Prompt —
Leave the images behind and copy every record exactly.

--------

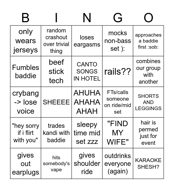 This bingo card has a free space and 24 words: trades kandi with baddie, hits somebody's vape, CANTO SONGS IN HOTEL, gives out earplugs, approaches a baddie first :sob:, only wears jerseys, Fumbles baddie, random crashout over trivial thing, FTs/calls someone on ride/mid set, sleepy time mid set zzz, rails??, crybang -> lose voice, "FIND MY WIFE", hair is permed just for event, beef stick tech, outdrinks everyone (again), SHORTS AND LEGGINGS, loses eargasms, combines our group with another, SHEEEE, KARAOKE SHESH?, "hey sorry if i flirt with you", mocks non-bass set ): and gives shoulder ride.
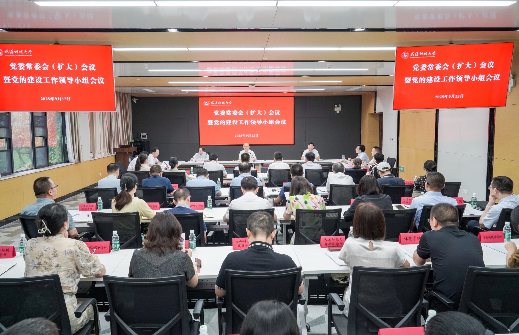 武科大网讯 9月12日,学校召开党委常委会(扩大)会议暨党的建设工作领导小组会议,党委副书记、校长倪红卫主持会议并讲话。全体在校校领导、党的建设工作领导小组成员单位主要负责人、二级党组织书记参加会议。
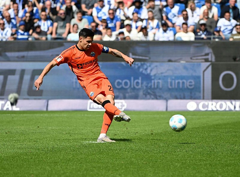 Der Kapitän scheiterte in der 37. Minute aber per Foulelfmeter an KSC-Torwart Max Weiß. Dem Pfiff von Referee Deniz Aytekin war ein rustikaler Körpereinsatz von Karlsruhes Christoph Kobald gegen Ilyas Ansah vorausgegangen.
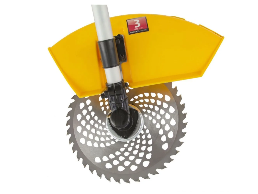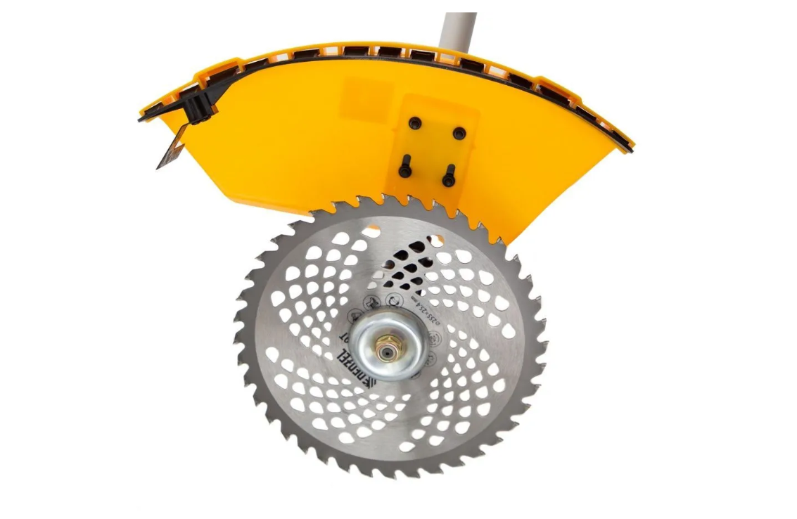 Дополнительные возможности — можно приобрести и установить на триммер диски Denzel 96323, 96325 для быстрого удаления растительности с жесткими стеблями (полыни, крапивы, лебеды), 96328 для скашивания молодых побегов кустарника диаметром до 3 мм.
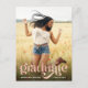 Detta moderna examenskort har trendig typografi och ett stort foto. På framsidan står "Examen" skrivet med falsk roséguld folie-typografi längst ner. Nedan kan du lägga till examenstudentens namn och examensår. På baksidan av examenskortet kan du lägga till ett meddelande till mottagarna och/eller information om examensfesten.
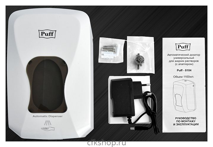 Автоматический дозатор Puff 8184 предназначен для размещения и дозированной подачи жидких и гелеобразных антисептических растворов и жидкого мыла в санитарных узлах офисов, гостиниц, предприятий общественного питания, медицинских учреждений и других мест средней проходимости. Модель оснащена окошком индикации наличия жидкости и насадкой для дозирования жидкого мыла. Корпус выполнен из белого ударопрочного АБС-пластика.
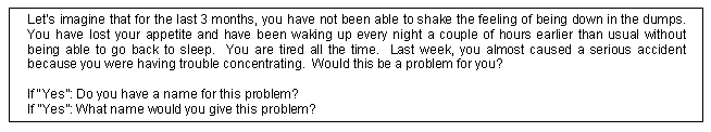 Depression literacy: Depression literacy was assessed with a vignette created by Rost et al25 that describes a person experiencing symptoms consistent with a major depressive episode (Fig2). The vignette was modified to direct address style but otherwise retained all essential elements of the story. The vignette was created to be used in both rural and urban samples and therefore was not modified to reflect a rural lifestyle. After the vignette was read to participants they were asked whether they thought the situation described in the vignette was a problem for them, and those who answered 'yes' were asked what they would call the problem.
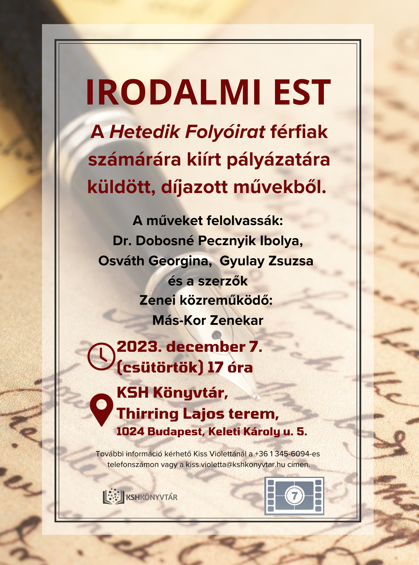 2023. december 12-én (kedd) 17 órától egy irodalmi és gasztronómiai kalandozásra várjuk az érdeklődőket Cserna-Szabó András íróval.
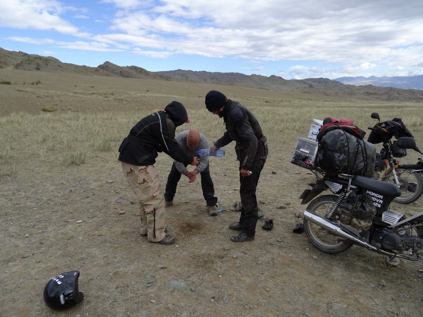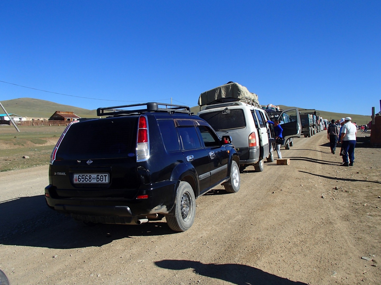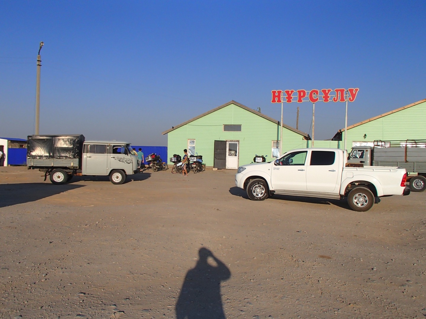 Als ich endlich alle meine Stempel hatte war es 17.30 Uhr und in 30 Minuten sollte die Abfertigung nach Russland für 36 Stunden schließen...ich raffte alle meine Papiere zusammen und wir rannten aus dem Gebäude. Da wir keine Wasservorräte mehr hatten schenkten uns die Belgier noch einen vollen 5-Liter-Kanister für den Fall dass wir wirklich nicht mehr nach Russland reinkommen (und natürlich auch nicht mehr in die Mongolei zurück!), so hatten wir wenigstens etwas Wasser zum trinken.
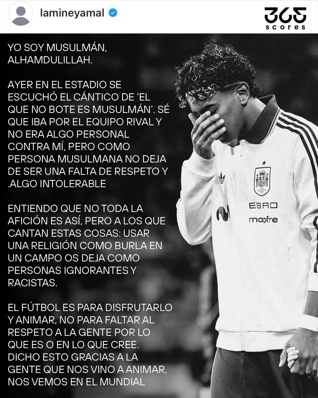 Por lo que bajo este contexto, Lamine Yamal recordó en redes sociales su religión, en un mensaje en el que pide respeto.
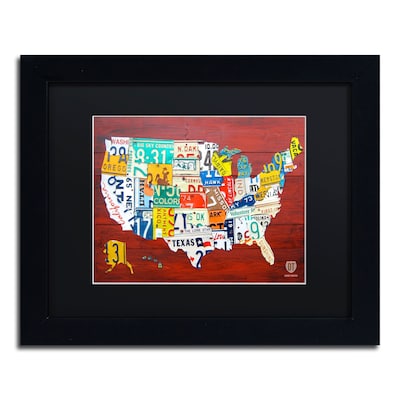 Trademark Fine Art ''License Plate Map USA'' by Design Turnpike 11" x 14" Black Matted Black Frame (886511905528)

--------

Response to the task —
 This bingo card has a free space and 24 words: trades kandi with baddie, hits somebody's vape, CANTO SONGS IN HOTEL, gives out earplugs, approaches a baddie first :sob:, only wears jerseys, Fumbles baddie, random crashout over trivial thing, FTs/calls someone on ride/mid set, sleepy time mid set zzz, rails??, crybang -> lose voice, "FIND MY WIFE", hair is permed just for event, beef stick tech, outdrinks everyone (again), SHORTS AND LEGGINGS, loses eargasms, combines our group with another, SHEEEE, KARAOKE SHESH?, "hey sorry if i flirt with you", mocks non-bass set ): and gives shoulder ride.
 武科大网讯 9月12日,学校召开党委常委会(扩大)会议暨党的建设工作领导小组会议,党委副书记、校长倪红卫主持会议并讲话。全体在校校领导、党的建设工作领导小组成员单位主要负责人、二级党组织书记参加会议。
 Der Kapitän scheiterte in der 37. Minute aber per Foulelfmeter an KSC-Torwart Max Weiß. Dem Pfiff von Referee Deniz Aytekin war ein rustikaler Körpereinsatz von Karlsruhes Christoph Kobald gegen Ilyas Ansah vorausgegangen.
 Дополнительные возможности — можно приобрести и установить на триммер диски Denzel 96323, 96325 для быстрого удаления растительности с жесткими стеблями (полыни, крапивы, лебеды), 96328 для скашивания молодых побегов кустарника диаметром до 3 мм.
 Detta moderna examenskort har trendig typografi och ett stort foto. På framsidan står "Examen" skrivet med falsk roséguld folie-typografi längst ner. Nedan kan du lägga till examenstudentens namn och examensår. På baksidan av examenskortet kan du lägga till ett meddelande till mottagarna och/eller information om examensfesten.
 Автоматический дозатор Puff 8184 предназначен для размещения и дозированной подачи жидких и гелеобразных антисептических растворов и жидкого мыла в санитарных узлах офисов, гостиниц, предприятий общественного питания, медицинских учреждений и других мест средней проходимости. Модель оснащена окошком индикации наличия жидкости и насадкой для дозирования жидкого мыла. Корпус выполнен из белого ударопрочного АБС-пластика.
 Depression literacy: Depression literacy was assessed with a vignette created by Rost et al25 that describes a person experiencing symptoms consistent with a major depressive episode (Fig2). The vignette was modified to direct address style but otherwise retained all essential elements of the story. The vignette was created to be used in both rural and urban samples and therefore was not modified to reflect a rural lifestyle. After the vignette was read to participants they were asked whether they thought the situation described in the vignette was a problem for them, and those who answered 'yes' were asked what they would call the problem.
 2023. december 12-én (kedd) 17 órától egy irodalmi és gasztronómiai kalandozásra várjuk az érdeklődőket Cserna-Szabó András íróval.
 Als ich endlich alle meine Stempel hatte war es 17.30 Uhr und in 30 Minuten sollte die Abfertigung nach Russland für 36 Stunden schließen...ich raffte alle meine Papiere zusammen und wir rannten aus dem Gebäude. Da wir keine Wasservorräte mehr hatten schenkten uns die Belgier noch einen vollen 5-Liter-Kanister für den Fall dass wir wirklich nicht mehr nach Russland reinkommen (und natürlich auch nicht mehr in die Mongolei zurück!), so hatten wir wenigstens etwas Wasser zum trinken.
 Por lo que bajo este contexto, Lamine Yamal recordó en redes sociales su religión, en un mensaje en el que pide respeto.
 Trademark Fine Art ''License Plate Map USA'' by Design Turnpike 11" x 14" Black Matted Black Frame (886511905528)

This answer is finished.